Listed entries:
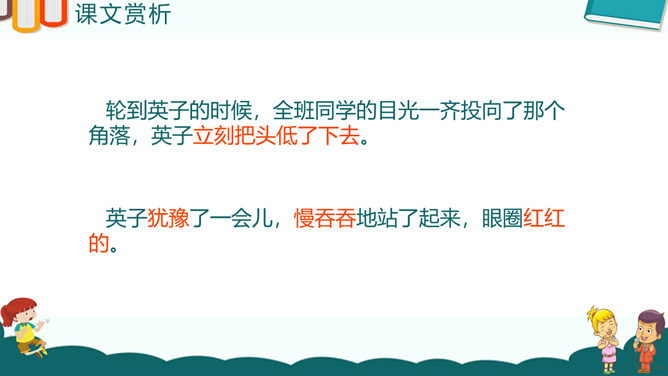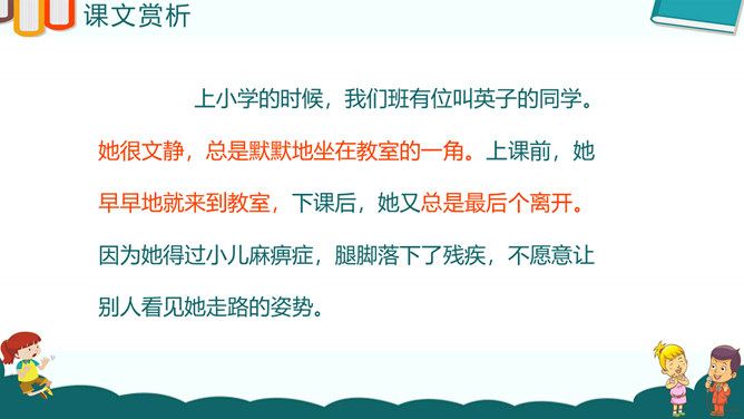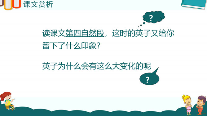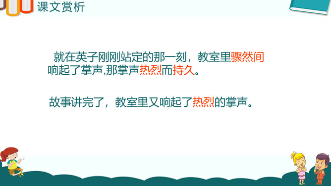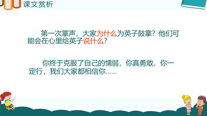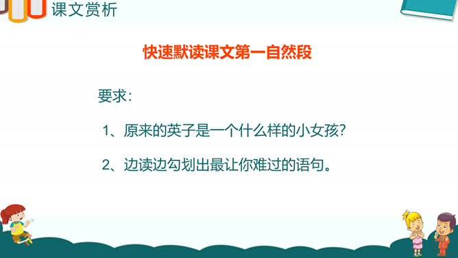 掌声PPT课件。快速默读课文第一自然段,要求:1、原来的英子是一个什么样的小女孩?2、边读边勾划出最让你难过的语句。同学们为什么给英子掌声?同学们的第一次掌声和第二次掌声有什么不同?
--
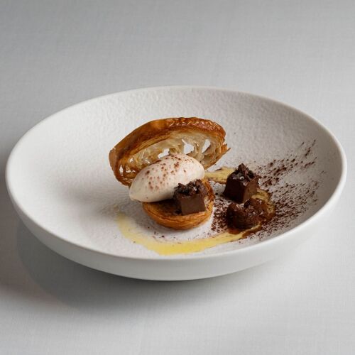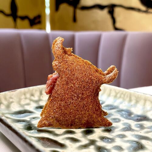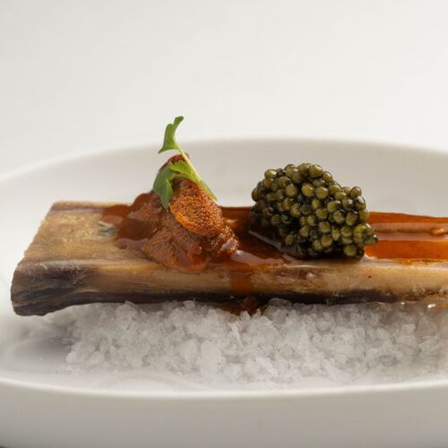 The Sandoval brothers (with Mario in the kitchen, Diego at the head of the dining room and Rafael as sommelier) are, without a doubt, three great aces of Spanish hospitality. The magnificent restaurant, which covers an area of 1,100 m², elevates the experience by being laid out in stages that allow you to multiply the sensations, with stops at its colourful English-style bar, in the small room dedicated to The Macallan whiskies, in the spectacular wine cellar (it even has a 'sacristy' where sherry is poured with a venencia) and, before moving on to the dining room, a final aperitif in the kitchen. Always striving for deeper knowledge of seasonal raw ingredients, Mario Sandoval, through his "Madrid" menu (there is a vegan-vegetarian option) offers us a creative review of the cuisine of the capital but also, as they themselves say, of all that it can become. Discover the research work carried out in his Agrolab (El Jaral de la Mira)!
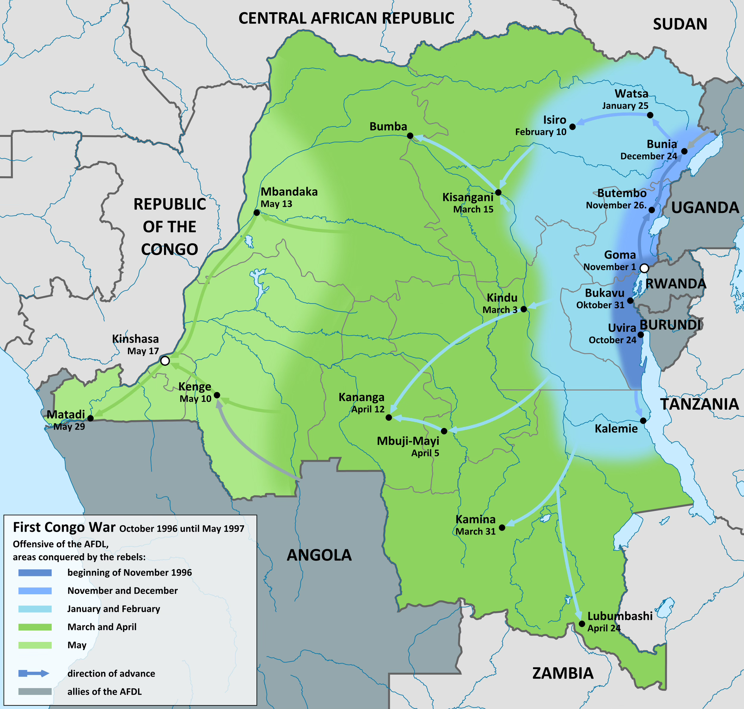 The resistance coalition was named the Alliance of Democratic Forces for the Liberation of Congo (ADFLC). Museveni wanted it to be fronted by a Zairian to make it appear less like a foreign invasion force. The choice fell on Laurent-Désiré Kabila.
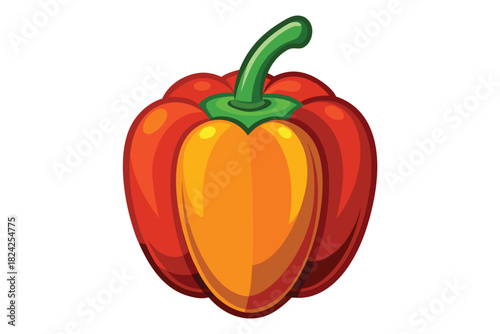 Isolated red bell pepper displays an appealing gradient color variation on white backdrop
...
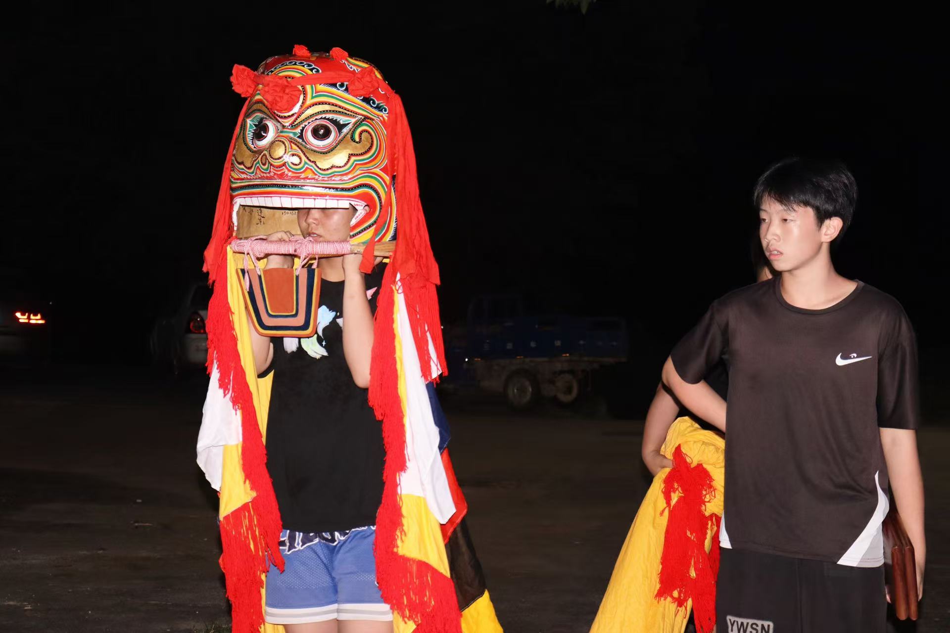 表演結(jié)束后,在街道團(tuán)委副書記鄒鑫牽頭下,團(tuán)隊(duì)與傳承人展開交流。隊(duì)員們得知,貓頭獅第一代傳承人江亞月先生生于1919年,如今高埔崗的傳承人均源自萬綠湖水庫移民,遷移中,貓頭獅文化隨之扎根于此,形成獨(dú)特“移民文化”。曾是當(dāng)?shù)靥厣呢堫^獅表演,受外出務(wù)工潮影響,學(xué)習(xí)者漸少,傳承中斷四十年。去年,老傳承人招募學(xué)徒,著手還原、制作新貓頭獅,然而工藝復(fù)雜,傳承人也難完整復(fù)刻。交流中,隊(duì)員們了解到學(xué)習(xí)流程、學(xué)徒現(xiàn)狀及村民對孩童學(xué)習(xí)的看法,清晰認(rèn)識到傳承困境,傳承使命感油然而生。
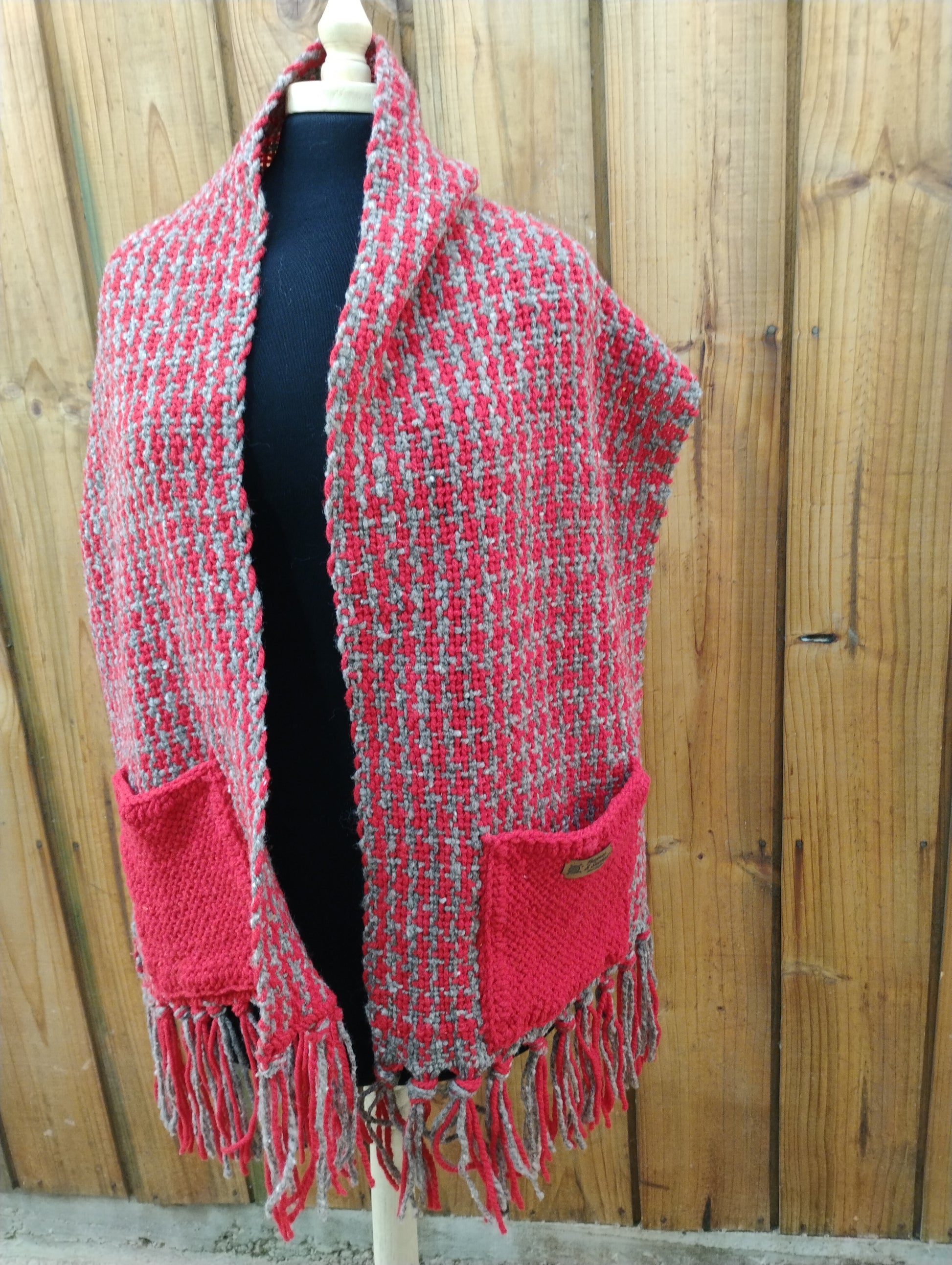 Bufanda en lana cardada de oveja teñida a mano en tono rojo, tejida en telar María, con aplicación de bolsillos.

Requirement:
Your reply is to be an exact repeat of the listing above from the line holding "The resistance coalition" down to the line holding "Isolated red bell", ends included, pictures excluded.

Problem solution:
 The resistance coalition was named the Alliance of Democratic Forces for the Liberation of Congo (ADFLC). Museveni wanted it to be fronted by a Zairian to make it appear less like a foreign invasion force. The choice fell on Laurent-Désiré Kabila.
 Isolated red bell pepper displays an appealing gradient color variation on white backdrop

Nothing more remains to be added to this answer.